In this article, I’ll offer some advice on how to achieve this.
How to do database branching and merging
There are several points in a database development where any shortcomings in the methodology in use will become painful. The first of these is when changes to the database have to be merged into the development branch. The second is when new features are scheduled for release.
My general advice for merging database changes as painlessly as possible is as follows:
- Apply strict database versioning – a great deal of confusion in branching, merging and testing is avoided if it is always clear what version a database is at, the version that any migration script runs from, and the version it migrates to.
- Design in resilience to change – the team must discuss all planned changes to the database and get an understanding of the potential problems of breaking dependencies. The database should be designed to allow features to be less vulnerable to changes by using views and table functions to provide interfaces between features.
- Use feature branches – each feature should be developed within a separate branch and merged back into the development branch. This is usually done once it is completed, and scheduled for release and deployment, rather than when it is merely finished, so that testing, training and sign-off can be coordinated and planned.
- Deploy single purpose patches – branches that are make changes that are, essentially, patches rather than new features should be small: don’t try to bundle several fixes and tweaks into a single branch. A single-purpose branch is easier to handle, particularly at merge.
- Archive the object level source for all recent database versions – version control systems, such as Git, can help to track changes to your database schema and allow you to merge changes more easily. The best artefact for this purpose is an object-level script because it identifies immediately which objects in the database have changed, and in what way they’ve changed.
- Test before merging – thoroughly test the branch changes with integration tests to ensure they don’t break anything, before merging them back into the development, and then into the main branch. The failure of a release from the main branch tends to be rather public and messy and you want to avoid it!
- Use tools to automate the process – when merging back into Main, you should set up, where possible, an automated workflow for parallel integration and performance testing. For a release candidate, this workflow will include the various aspects of deployment. Merges into Development require similar testing but will require UI-based tools as well, because it can never be entirely automated. RDBMSs provide system views and other tools to help with this process. You will need them.

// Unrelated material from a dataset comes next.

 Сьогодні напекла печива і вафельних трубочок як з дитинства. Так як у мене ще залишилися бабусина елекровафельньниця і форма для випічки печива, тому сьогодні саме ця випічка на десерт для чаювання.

Branching and merging challenges
In a traditional database development environment, developers made use of the intrinsic multi-user, multithreaded capabilities of the RDBMS to avoid conflicts in a system that, by its very nature had many interdependencies. They shared a single development database and coordinated their work by checking on what changes were being made to the database, and by whom. Most RDBMSs provide this information; for example, SQL Server uses the default trace and nowadays Extended Events.
Potential conflicts were negotiated then and there by normal development team processes. Any foolishness would be shown up at the regular integration tests, usually conducted overnight. To avoid embarrassment, developers often developed the habit of ‘tear-down’ scripts that could undo experimental or temporary work.

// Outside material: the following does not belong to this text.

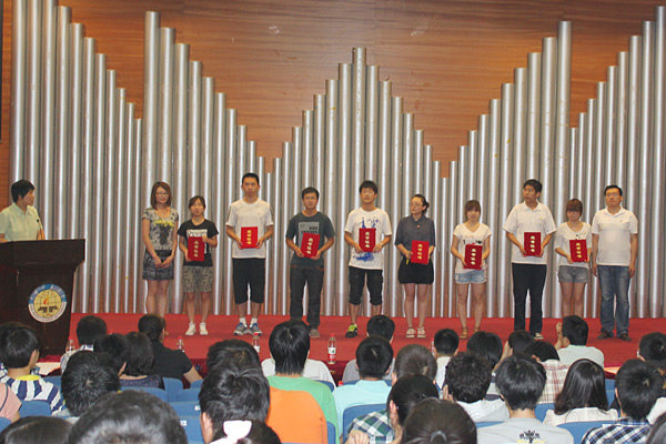 各学院辅导员为“‘我的微成功’主题班级活动”、心理健康知识竞赛,“‘我的微爱’微博短故事征集大赛”、“寻找校园最灿烂的笑容”摄影大赛中获奖的团体及个人颁发了荣誉证书,共计颁发市级和校级奖项50余项。学生代表丛洋、路贝、白雪飞和马超群同学分别代表获奖团体或个人发言,与大家分享在活动中的体验与成长。新换届的心理协会会长及各部门负责人集体和与会人员见面,顺利完成新老交接。

In a database development system that allows branching, developers will normally prefer to work on an isolated version of the database so that any changes are theirs alone, and these changes constitute the work of the branch. The difficulties arise, of course, when it’s time to merge in those changes back into the development branch. You need to understand which objects are affected by your new branch version and to check for any conflicting changes or broken dependencies that may be caused by your changes, or by changes that others have committed the development branch, in the meantime.
Most development teams will try to reduce the scale of the work at a merge by trying to avoid having different branches working on the same objects and negotiating on changes to any objects that other active branches reference. However, it will never eliminate the problem completely; if you rely on the version control system to auto-merge the changes, you’ll be in for a hard time.
Most RDBMS will provide system views that allow you to detect changes to objects on which your code depends and detect dependencies on objects that you wish to alter. However, this is more awkward to do when development work is done in an isolated branch, and so this check is usually delayed until the merge.
Fortunately, Redgate’s Schema Comparison tools have evolved over decades and can assist with merging changes into a database.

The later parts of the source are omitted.